FORECLOSURE SALE; RIGHTS OF BUYER THEREOF; BOND REQUIREMENT.
It is settled that the buyer in a foreclosure sale becomes the absolute owner of the property purchased if
it is not redeemed during the period of one year after the registration of the sale. As such, he is entitled
to the possession of the said property and can demand it at any time following the consolidation of
ownership in his name and the issuance to him of a new transfer certificate of title. The buyer can in
fact demand possession of the land even during the redemption period except that he has to post a bond
in accordance with Section 7 of Act No. 3133 as amended. No such bond is required after the
redemption period if the property is not redeemed. Possession of the land then becomes an absolute
right of the purchaser as confirmed owner. Upon proper application and proof of title, the issuance of
the writ of possession becomes a ministerial duty of the court.
MORAL DAMAGES; PURPOSE THEREOF.
The purpose of moral damages is essentially indemnity or reparation, both punishment or correction.
Moral damages are emphatically not intended to enrich a complainant at the expense of a defendant;
they are awarded only to enable the injured party to obtain means, diversion or amusements that will
serve to alleviate the moral suffering he has undergone, by reason of the defendant's culpable action. In
other words, the award of moral damages is aimed at a restoration, within the limits of the possible, of
the spiritual status quo ante and, it must be proportionate to the suffering inflicted.
CONTRACTS; STIPULATION POUR AUTRUI; DEFINITION AND REQUISITES.
A stipulation pour autrui is one in favor of a third person who may demand its fulfillment, provided he
communicated his acceptance to the obligor before its revocation. An incidental benefit or interest,
which another person gains, is not sufficient. The contracting parties must have clearly and deliberately
conferred a favor upon a third person. The requisites for such contract are: (1) the stipulation in favor
of a third person must be a part of the contract, and not the contract itself; (2) the favorable stipulation
should not be conditioned or compensated by any kind of obligation; and (3) neither of the contracting
parties bears the legal representation or authorization of the third party.
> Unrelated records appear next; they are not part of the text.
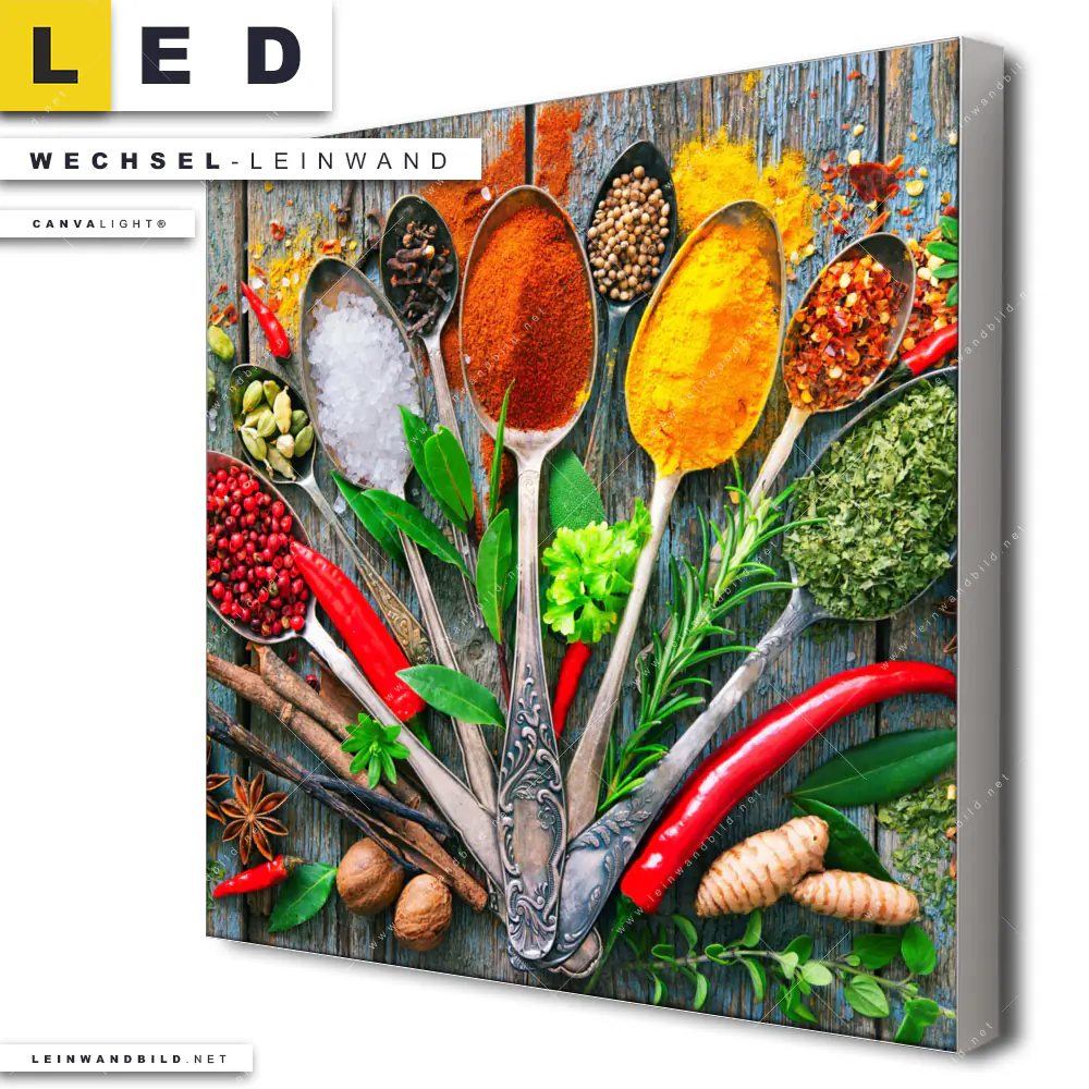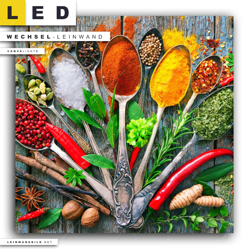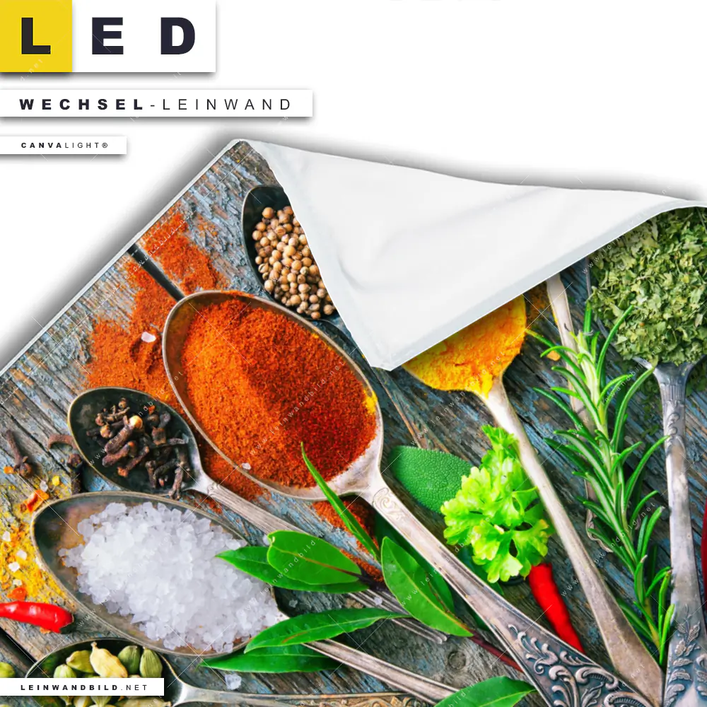 LED Wechsel-Leinwand Canvalight® TEX | Löffel mit Kräutern und Gewürzen | Quadrat
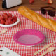 Sweet romantic design with numerous handdrawn small pink hearts floating all over the plate. By default the background is pink, but you can replace it with any colour of your choice. A semi transparent round layer covers the main area of the plate, to make the food area look cleaner, but this can be turned on/off as you like.
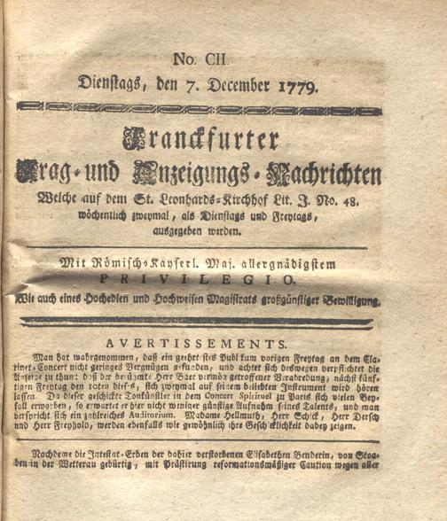 Franckfurter Frag- und Anzeige-Nachricht...
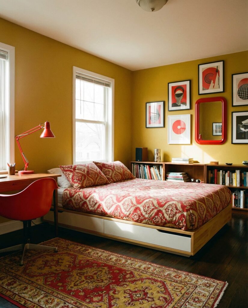 A Red and yellow bedroom feels bold and energizing, best suited for teens or creative personalities. Designers caution against overuse, suggesting red appear in artwork or textiles while yellow remains the primary color. I’ve noticed this approach works well in rooms that double as study or hobby spaces, where stimulation feels appropriate. When balanced correctly, the palette feels intentional rather than chaotic, offering vibrancy without sacrificing comfort.
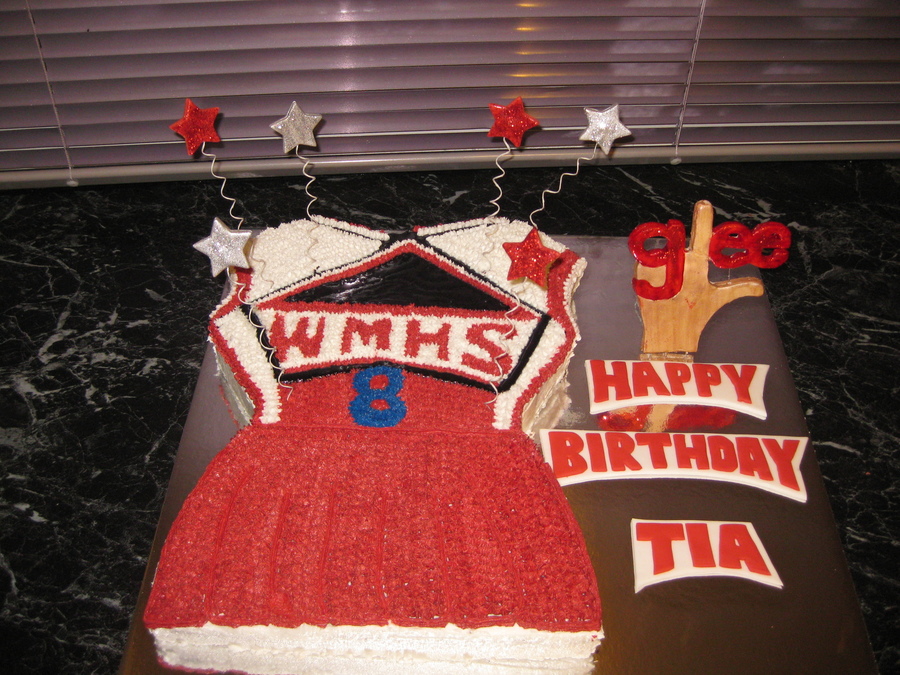 Sponge cake with Butter Cream piping all over. Stars, writing and Glee logo all from Fondant
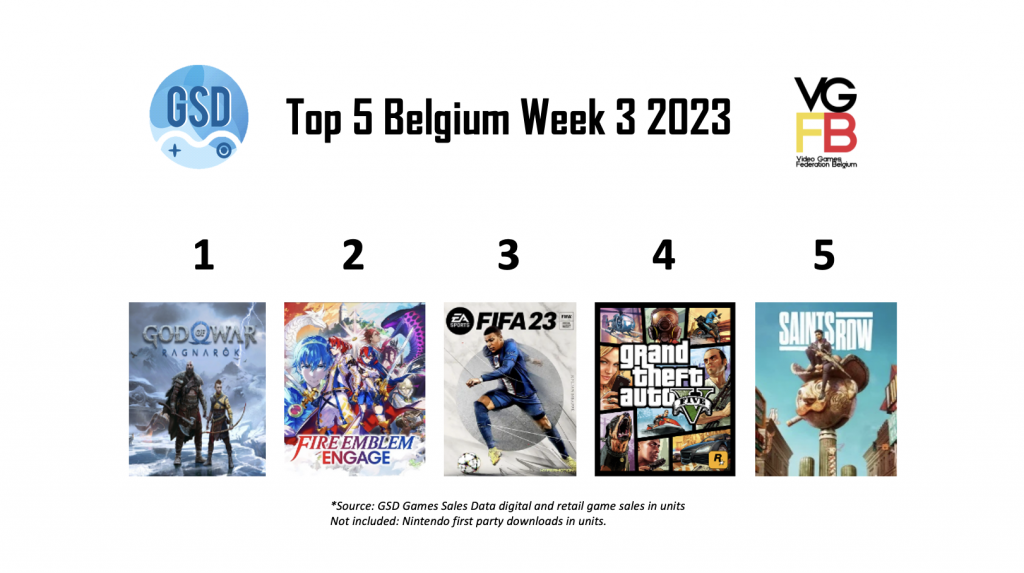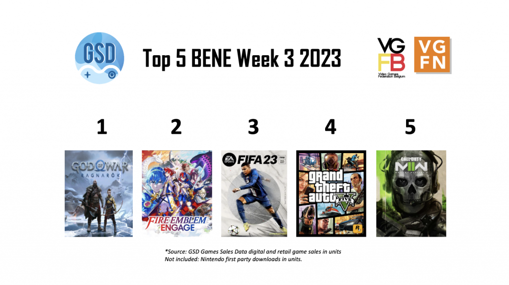 In week 3 van 2023 staat de PlayStation-exclusieve God of War: Ragnarok op de eerste plek, een game die veel game van het jaar 2022 prijzen heeft gewonnen. Op nummer 2 deze week staat nieuwkomer Fire Emblem Engage, een exclusieve tactische RPG voor de Nintendo Switch. Dan op nummer 3 staat een game die altijd wel in de top 5 staat namelijk FIFA 23. Deze game wordt gevolgd door GTA V en Call of Duty: Modern Warfare 2.
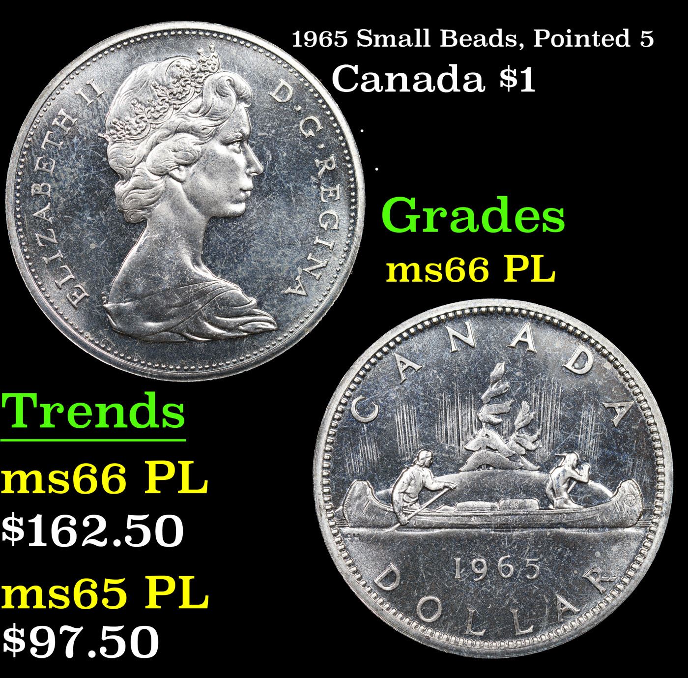 1965 Small Beads, Pointed 5 Canada Dollar $1 Grades GEM+ UNC PL.
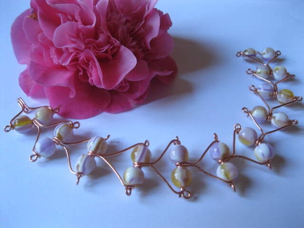 Elégant Bracelet Cuivre et Perls en Verre Couleurs Pastel - B1011
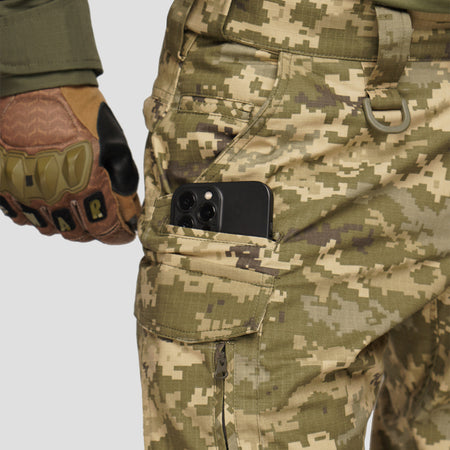 Special convenient phone pocket on the right side. Two front pockets for a flashlight. Large compartment in the knee area with the possibility of installing a knee pad inside (sold separately).
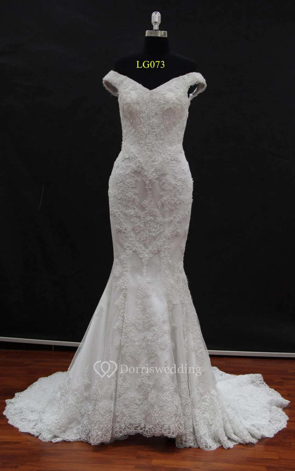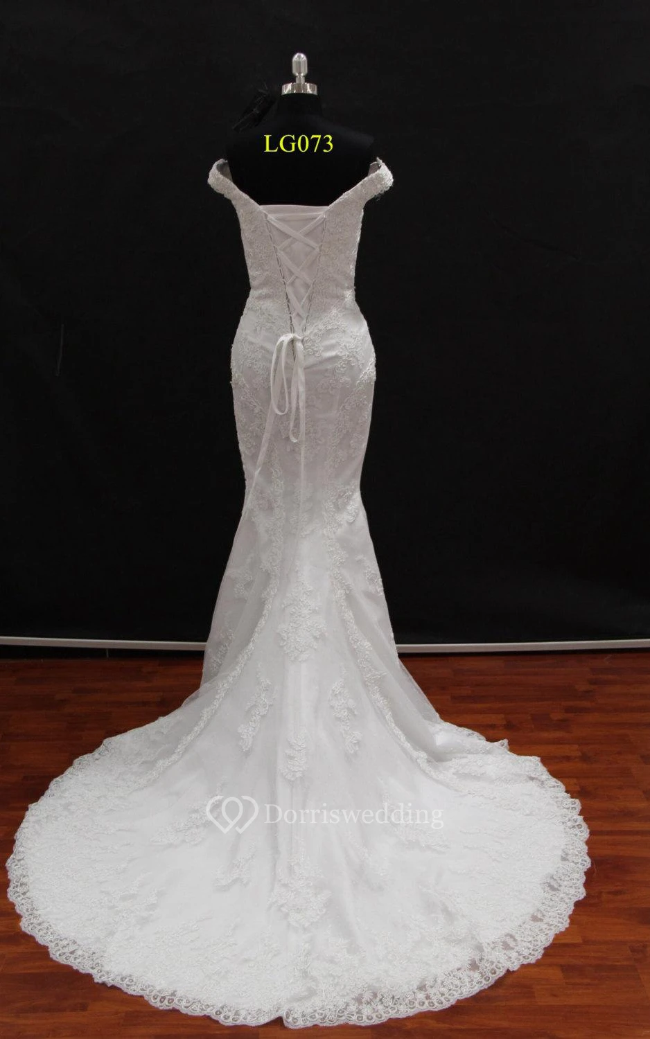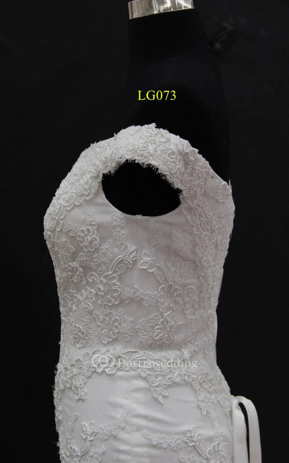 V-Neck Mermaid Lace Cap Sleeve Dress With Lace-Up Back

CONTRACTS; PERFECTION; QUALIFIED ACCEPTANCE.
Contracts that are consensual in nature, like a contract of sale, are perfected upon mere meeting of the
minds. Once there is concurrence between the offer and the acceptance upon the subject matter,
consideration, and terms of payment, a contract is produced. The offer must be certain. To convert the
offer into a contract, the acceptance must be absolute and must not qualify the terms of the offer; it
must be plain, unequivocal, unconditional, and without variance of any sort from the proposal. A
qualified acceptance, or one that involves a new proposal, constitutes a counter-offer and is a rejection
of the original offer. Consequently, when something is desired which is not exactly what is proposed
in the offer, such acceptance is not sufficient to generate consent because any modification or variation
from the terms of the offer annuls the offer.
REGISTRATION; NOT EQUIVALENT TO TITLE; TORRENS SYSTEM.
Registration is not the equivalent of title. Under the Torrens system, registration only gives validity to
the transfer or creates a lien upon the land. It was not established as a means of acquiring title to
private land because it merely confirms, but does not confer, ownership.